Bu olay beni biraz gerilere götürdü. İki binlerin ikinci yarısında Yapı Kredi’nin Doğan Kardeş ÇR dergisini yeniden yayınlamaya başlaması (Şubat 2006), en azından çocuk dergilerinin altın çağını yaşamış kesim için heyecan verici bir olaydı. Fransa-Belçika ekolüne ilgili ÇR okuyucuları için ise bulunmaz bir kaynak anlamına geliyordu. Artık devir değişmiş olsa da bu alandaki boşluk dolmamıştı henüz. Ben de dergi nostaljisi ile almaya başladım. En sevdiğim ÇR Albatros olmuştu. Devir değişti dedim ya, her ay dergiyi beklemeden bu ÇR’ın albümlerini edinmeye karar verdim. Sonra aklıma çevirisi ile orjinalini kıyaslamak geldi. Keşke bakmasaymışım. Bu mukayeseden sonra tadım kaçtı diyebilirim. Birkaç sayı sonra almayı bıraktım ve sadece orjinalinden bulabildiklerimle ÇR macerama devam etmeye başladım. Şimdi size o günler yaptığım mukayesenin sadece ilk kısmından bahsedeceğim. Zaten notlarım kaybolmuş ve tekrar bakmak zorunda kaldım.

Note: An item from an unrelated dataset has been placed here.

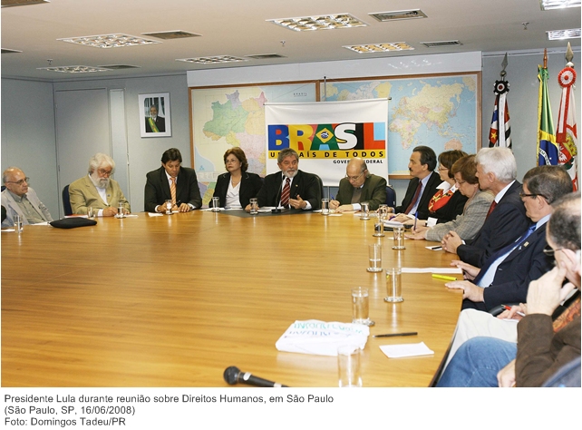 Presidente Lula durante reunião sobre Direitos Humanos, em São Paulo.

Sadece ilk 4 sayfa için bu karşılaştırmayı yaparken minör önemdeki farklılıkları görmezden geldim. Anlam kaymadıktan sonra ifade biçimlerinin farklı olması kadar doğal bir durum olamaz. Örneğin bir yerde orjinalinde “her gün manşetlerde yeni ölümler boy gösteriyor” diyor, çeviride “her gün cesetlerden bir resmi geçit görüyoruz” şeklinde verilmiş ve gazete kısmı yutulmuş. Ya da orjinali “Voila ou nous mene vos methodes de demoiselle!” olan cümle, “Sizin yüzünüzden buralara kadar geldik’” şeklinde çevriliyor. Oysa orjinali “Yetersiz yöntemlerinizin bizi getirdiği yer ortada”. İşte tüm bu ifade tercihlerini çevirinin tabii bir sonucu olarak bir tarafa koyduğumda dahi daha ilk sayfalarda özensiz bir çeviriyle karşılaşıyoruz. Bunlardan ilk 4 sayfadaki 4 tanesini aşağıya aldım. Haydi bir göz atalım.


Albatros’un birinci sayfasında, dakika bir gol 1 durumuyla karşı karşıyayız.
Orjinalinde “Les ames, comme on les appele ici” cümlesi verilmiş. Yani (deniz kuşlarını kastederek) “Burada onlara ruhlar denir” diyor. Bu cümle “Ruhlar …Buralarda onlara şöyle denir: “ şeklinde çevrilmiş. Yanlış. Orjinalinde onlara ruhlar denir dedikten sonra cümle bitiyor. Sonrasında bunu tasvir eden/tamamlayan şairane bir tavır gözeterek yeni cümlelerle devam ediyor yazar. Yapı Kredi Türkçesindeyse kuşların ruhlara benzetildiği bile havada kalıyor. Siz bu hatayı yapınca anlam bozuluyor ve arkası da kopuklaşıyor. Şiirselliğin canına okunması da cabası.


Devamında “Onların gökyüzü cennetlerinden düşen parıltılı bulutlar”cümlesi var. Yanlış. Onların bizzat kendisi, gökyüzündeki cennetten düşmüş bulutlara benzetiliyor: “Des nuees d’eclats blancs tombee de leur paradis aerien”. Bu şekilde verince yine anlam kaybolup gidiyor. Aslında anlam olarak martıların gökyüzünden düşüp yeryüzünde kirlenen canlılara dönüşmesiyle Ombeline arasında bir paralellik kurularak hikayeye giriş yapılmak isteniyor.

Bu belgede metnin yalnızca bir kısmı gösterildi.